### TASK REQUIREMENTS:
Given the entries that follow, write out exactly the lines starting at the one containing "LAVON mydlový čistič  je" and ending at the one containing "Faller 272926 - Mülltonnen-Set, braun", both ends included, and only those.

### EXTRACTED DATA:
┄┄┄┄┄┄
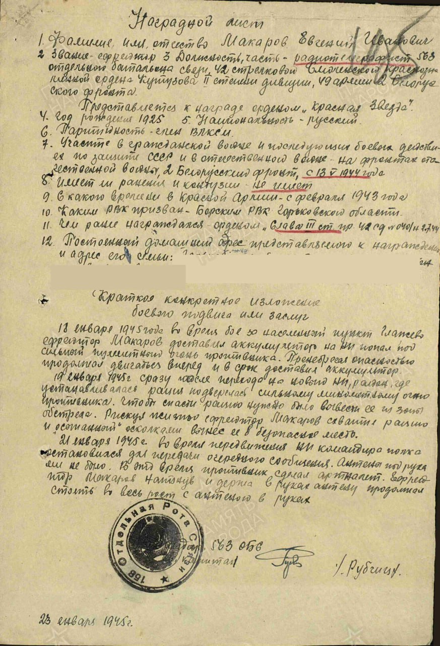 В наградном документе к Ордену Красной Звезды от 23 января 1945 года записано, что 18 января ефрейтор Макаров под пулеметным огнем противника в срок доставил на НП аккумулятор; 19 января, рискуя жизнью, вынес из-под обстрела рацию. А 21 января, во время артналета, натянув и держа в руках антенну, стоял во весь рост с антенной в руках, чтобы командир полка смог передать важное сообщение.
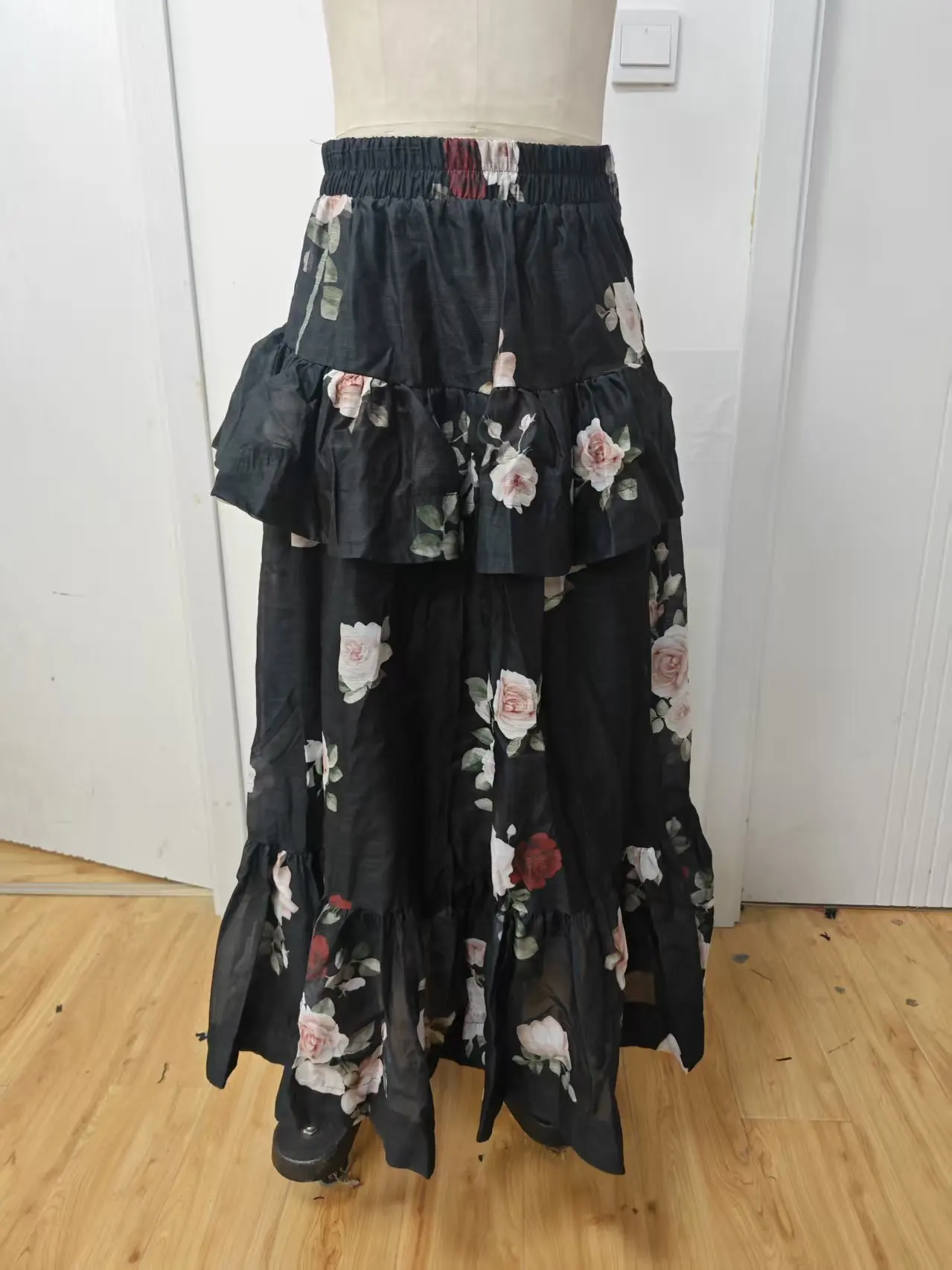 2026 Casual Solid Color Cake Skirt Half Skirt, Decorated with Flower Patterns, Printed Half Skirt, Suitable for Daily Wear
┄┄┄┄┄┄
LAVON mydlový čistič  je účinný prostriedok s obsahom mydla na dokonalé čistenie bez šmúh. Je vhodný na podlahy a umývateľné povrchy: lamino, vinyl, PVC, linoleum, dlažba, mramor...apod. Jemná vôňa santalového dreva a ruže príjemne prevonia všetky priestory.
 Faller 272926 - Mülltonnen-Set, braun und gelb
┄┄┄┄┄┄
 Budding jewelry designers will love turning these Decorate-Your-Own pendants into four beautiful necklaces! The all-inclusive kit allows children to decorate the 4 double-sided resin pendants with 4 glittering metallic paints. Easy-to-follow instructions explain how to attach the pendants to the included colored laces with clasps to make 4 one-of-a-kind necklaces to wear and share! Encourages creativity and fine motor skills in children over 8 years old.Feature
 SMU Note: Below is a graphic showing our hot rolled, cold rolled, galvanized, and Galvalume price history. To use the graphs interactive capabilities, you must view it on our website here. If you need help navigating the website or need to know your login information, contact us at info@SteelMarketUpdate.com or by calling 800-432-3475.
┄┄┄┄┄┄
### SOLUTION:
LAVON mydlový čistič  je účinný prostriedok s obsahom mydla na dokonalé čistenie bez šmúh. Je vhodný na podlahy a umývateľné povrchy: lamino, vinyl, PVC, linoleum, dlažba, mramor...apod. Jemná vôňa santalového dreva a ruže príjemne prevonia všetky priestory.
 Faller 272926 - Mülltonnen-Set, braun und gelb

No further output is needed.